Guru Nanak Heritage Fund for Sikh and Punjabi Studies

UCSC receives $247,000 gift to support Sikh and Punjabi Studies program

January 05, 2012


Bhupinder S. Dhillon signs the Letter of Gift establishing the Guru Nanak Heritage Fund for UC Santa Cruz's Humanities Division
UCSC Humanites Dean William Ladusaw
(Photo by Carolyn Lagattuta)

The Guru Nanak Heritage Fund for Sikh and Punjabi Studies --a gift from the Bay Area Sikh and Punjabi Community--will focus on academic research in Sikh culture and faith, Sikhs in North America, and the Punjabi cultural heritage and language.

“We are very grateful for the generous support of the Bay Area Sikh Community for this gift, which will enable us to add Punjabi language classes to our fledgling program in Sikh and Punjabi Studies,” said UCSC humanities dean William Ladusaw.

This past fall quarter, UCSC launched the campus’ first course in its growing Sikh and Punjabi Studies program, Introduction to the Sikhs , taught by economics professor Nirvikar Singh—who was recently appointed Sarbjit Singh Aurora Chair in Sikh and Punjabi Studies.

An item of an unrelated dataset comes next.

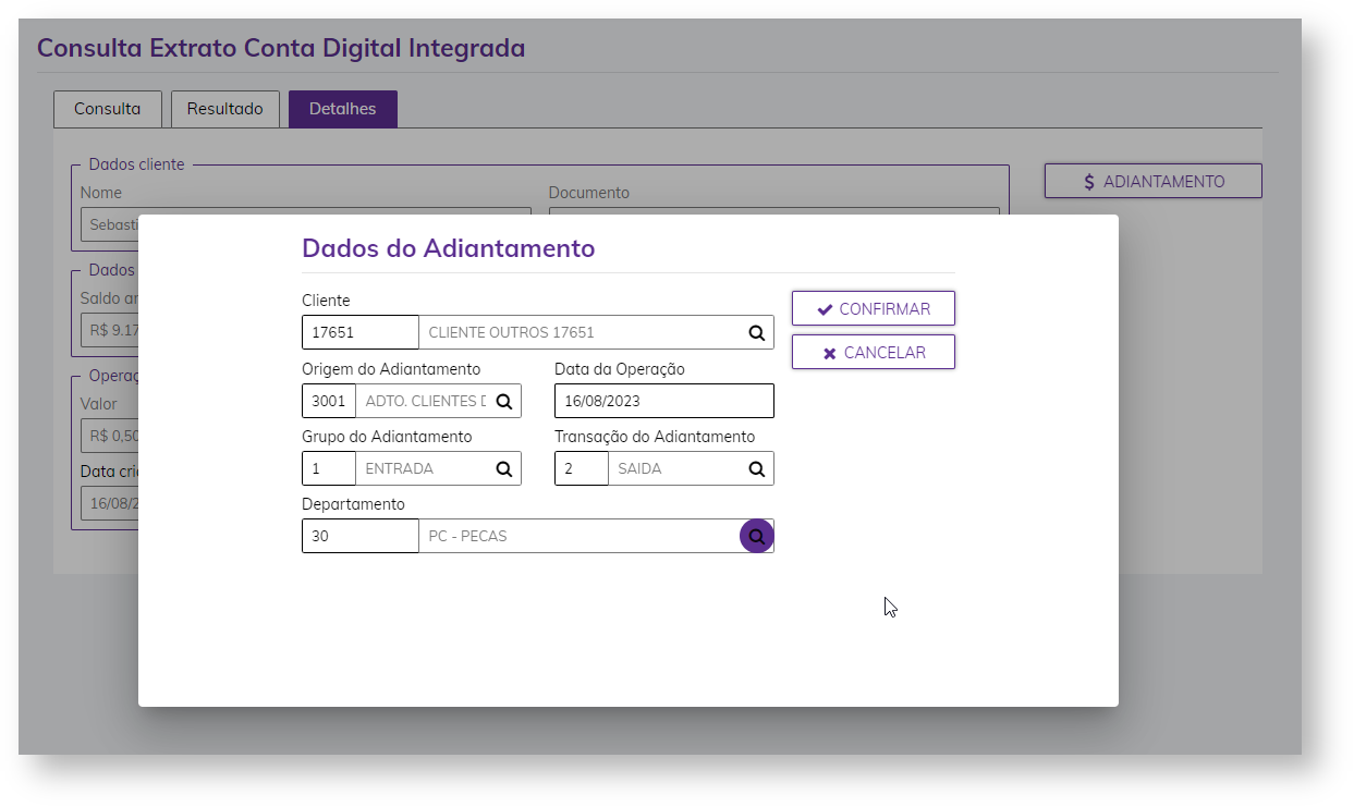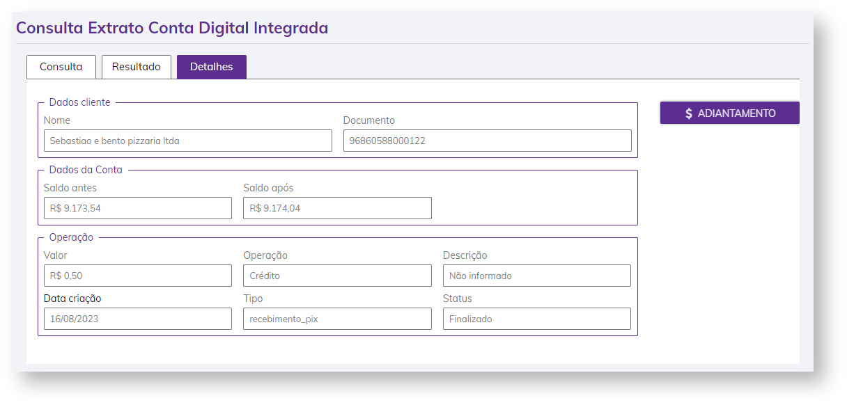 Para resultados de consulta de extrato com o "TIPO" de operação que seja "recebimento_pix" como mostra tela abaixo, após selecionar um registro será habilitado um botão de Adiantamento.

The chair supports research and teaching in Sikh and Punjabi studies at UCSC from a multicultural and global perspective.

In November, leading scholars from the United States, Canada, and England came to the campus for the inaugural conference in Sikh and Punjabi Studies at UC Santa Cruz--a three-day event that was open to both scholars and the general public.

Dean Ladusaw noted that UCSC provides fertile ground for the interdisciplinary study of diversity in modern American society and culture—adding that Sikh and Punjabi Studies broadens the curriculum with courses that convey and interpret the Sikh cultural heritage to the next generation.

“UC Santa Cruz has both the intellectual resources and educational objectives to develop this program and become an international leader in Sikh and Punjabi Studies,” said Ladusaw.

“Our campus is uniquely positioned to make the story of the Sikhs in North America, including its historical and global context, legible to a wider audience,” he added.